When you're ready to serve up a few drinks to visiting friends, you don’t want to have to wander here and there around the house to get all the items you need to create their favorites. You should have everything accessible, in one space, in the liquor cabinet.

Liquor cabinets have been around for some time. They were a location to be able to find all the liquors and accessories necessary to serve up a cocktail or two without breaking up a conversation.

Many people who have them today, prefer liquor cabinets to bars. The reasoning is that they can have a more elegant and understated look, while still offering the storage and serving space that a bar does.

Initially liquor cabinets were meant as a way to hide alcohol. In the 1920s alcohol was outlawed in the United States. Many people who were against Prohibition, and wanted their spirited drinks, invested in liquor cabinets. 

Drink and Money

They looked like other pieces of furniture and blended in with the room, but the homeowner knew the innards of the furniture also contained the sweet nectar they wanted to indulge in at the end of the day.

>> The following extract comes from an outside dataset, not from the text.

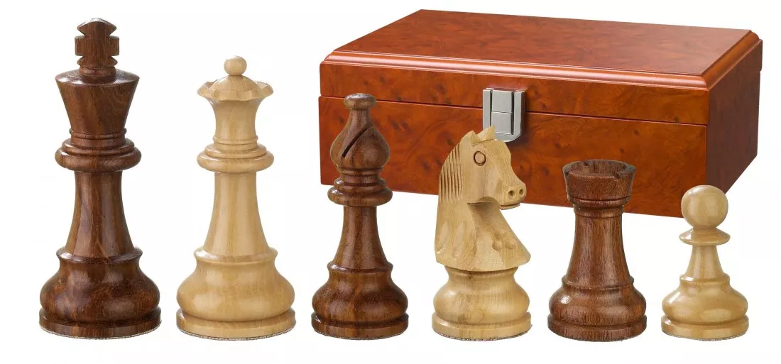 Houten box met set schaakstukken ‘Sigismund’, Sheesham en Beuk, verzwaard, met kunstlederen sokkel, Staunton. Koningshoogte 95 mm. Wordt geleverd met de afgebeelde houten kist.
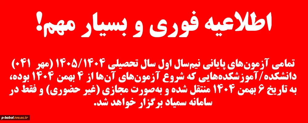 امتحانات پایان ترم مهر 1404 بصورت مجازی( غیر حضوری)برگزار خواهد شد. 2

After the days of Prohibition, people weren't going to get rid of their liquor cabinets, they remained a part of the home furnishings, and likely the subject of stories about how they broke the law to have the drinks they wanted, at a time when they weren't supposed to.

Over the course of the 20th century, the liquor cabinets lost their trendy position in the world, and many people started changing them out. Today having a full-blown bar is more popular than having the subdued liquor cabinet as your home's alcohol center.